1931 painting by Carel Willink

Late Visitors to Pompeii (Late bezoekers van Pompeï) is a 1931 painting by Carel Willink. It depicts four modern men at the forum of Pompeii with Mount Vesuvius in the background. The painting belongs to the Museum Boijmans Van Beuningen since 1933. It has been interpreted in correlation with the cultural philosophy of Oswald Spengler, who is one of the men in the painting, and themes of civilisational crisis in the fiction of Ferdinand Bordewijk.

==Background==
The Dutch painter Carel Willink (1900–1983) was educated in Berlin in 1921–1923 and was in his early career involved in constructivism, an abstract art movement.
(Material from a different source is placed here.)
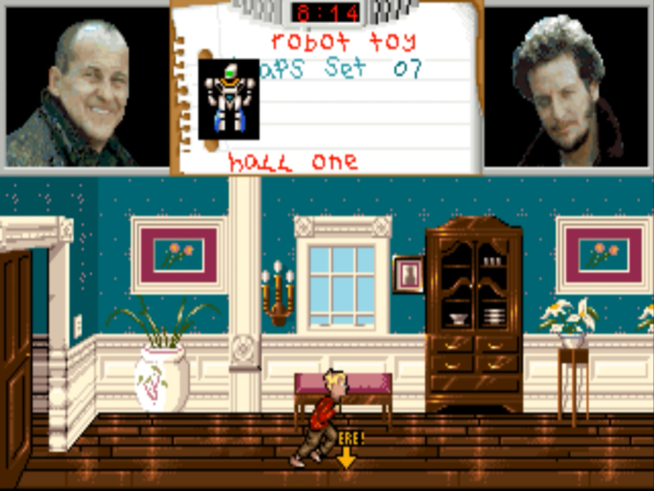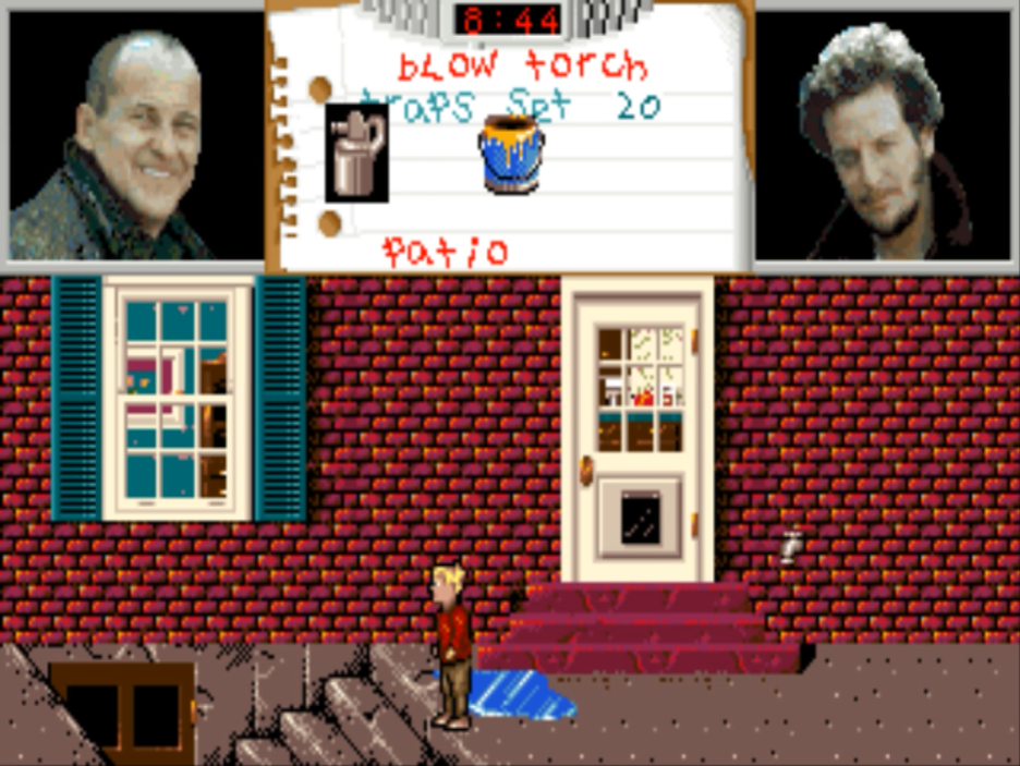 게임상의 시간대는 두 명의 도둑 마브와 해리가 케빈의 집에 침입하기 전부터 시작을 합니다. 영화에서의 케빈처럼 우리는 두 명의 도둑이 집에 오기 전에 집 곳곳에 함정을 설치해야 합니다. 도둑들이 함정을 밝아 50점의 점수를 얻으면 게임은 클리어가 됩니다. 그런데 생각을 조금 해보면 그 당시에도 게임의 가격은 저렴한 편이 아니었는데 게임의 길이가 너무 짧은 거 아닌가 생각해 봅니다. 실제 플레이해 보면 한판에 한 시간도 안 걸리는 플레이 타임을 가지는데 그런 면에서는 조금 아쉽네요.

From the mid-1920s he turned to figurative painting, taking inspiration from Italian painters such as Giorgio de Chirico, Carlo Carrà, Achille Funi and Felice Casorati. Willink's works became characterised by a form of neoclassicism that placed human figures in realistic landscapes and featured classical architecture. Willink read the first volume of The Decline of the West by the German philosopher Oswald Spengler in 1919 and it left an impression on his view of art history. Spengler portrayed European painting as undergoing its terminal phase. Willink agreed with Spengler's view that the decline of classical painting corresponded to a general decline in culture, but he did not share Spengler's disdain for democracy.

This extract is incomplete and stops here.